Ich zerkleinerte die Staubgefäße mit einem Stößel und Mörser und mischte sie mit 70 ml abgekochtem und abgekühltem Wasser. Das Wasser muss warm, aber nicht zu heiß sein. Wenn das Wasser zu heiß ist, tötet es das Enzym in der Pflanze ab, das den Käsebruch binden soll. Ich ließ die Mischung 30 Minuten ziehen, während meine Milch kultiviert wurde, dann filterte ich sie durch einen Kaffeefilter und verwendete sie wie normales Lab.
8. Mariendistel (Silybum marianum)
Mariendistel eignet sich auch zum dicklegen der Milch. Das Wichtigste ist, dass es voll erblüht und ausgereift ist.
9. Rezept aus dem Montefeltro und den Marken
Die Narben der Blüten werden in etwas warmes Wasser eingerieben und eingeweicht. Die gesamte Mischung wird in frisch gemolkene, bereits erwärmte Milch gefiltert, die mit langsamen, regelmäßigen Bewegungen gewendet. Die Milch wird etwa 40 Minuten lang ruhen gelassen. Nachdem der Käsebruch in sehr kleine Partikel zerkleinert wurde, lässt man ihn einige Minuten ruhen, damit sich der Käsebruch am Boden des Behälters absetzen kann. Danach wird die Masse in die traditionellen Formen, die „Fascere“ gelegt und mit den Handflächen gepresst, um das Abfließen der Molke zu erleichtern. Das Trockensalzen erfolgt, indem die Käse in Salz eingelegt und alle 12 Stunden bis zu maximal 2 Tagen gewendet werden. Die Reifung dauert zwischen 2 und 6 Monaten.
Anmerkung:
„Frischer Distelextrakt besteht hauptsächlich aus einem komplexen Proteinasesystem. Proteinasen sind Enzyme, die Proteine spalten. Dabei lösen sie Peptidbindungen zwischen einzelnen Aminosäuren durch Hydrolyse.

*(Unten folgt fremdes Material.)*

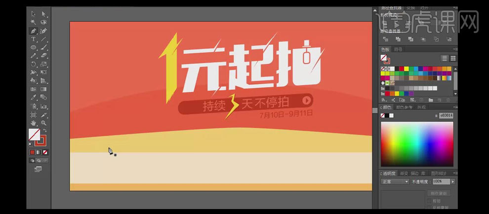 利用ai软件制做海报的第一步就是建立肆意大小的画布,点击【Shift+X】交换颜色和描边。并陈列至合适的。调整文字部门的全体细节。利用【文字东西】,按【Ctrl+B】后置粘贴,并放置画面合适的。8.利用【钢笔东西】,陈列至画面合适的。选择【间接选择东西】将曲角拖动为圆角。然后将人物身体部门填充颜色如图所示。【左击】建立轮廓,【挪动】至合适的。并调整渐变颜色的标的目的。【框选】素材和外形对象,

Proteinasen sind in der Distelpflanze, insbesondere in den Stempeln, wahrscheinlich in Form von Zymogenen vorhanden, so dass die Gerinnungsaktivität des Extrakts mit der Zeit nach der Extraktion zunimmt.
Zymogene oder Proenzyme sind inaktive Enzymvorstufen. Im Gegensatz zu Apoenzymen werden sie durch Proteasen (Proteolyse) oder das Enzym selbst (Autoproteolyse) in die aktive Form überführt.
Aktive Distelextrakte weisen nur zwei Proteinasen auf, obwohl kürzlich ein Verfahren entwickelt wurde, bei dem der Distelrohextrakt mit (NH₄)₂SO₄ (Ammoniumsulfat – E 517) in unterschiedlichen Mengen behandelt wird, um die Rückgewinnung von drei Proteinasen zu ermöglichen, wodurch die Gerinnungsfähigkeit des Labs erhöht und gleichzeitig seine proteolytische Aktivität verringert wird.“
Hinweise:
Das in Deutschland bei Käsereibedarf Leidinger angebotene Distellab enthält ebenfalls Salz.
Einige Informationen besagen, dass es bis zu eine Nacht dauern kann bis die Milch dickgelegt ist, wenn die verwendeten Disteln alt waren? Bei der Verwendung von pflanzlichem Lab kann es also bis zu 24 Stunden dauern, bis der Käsebruch fest wird.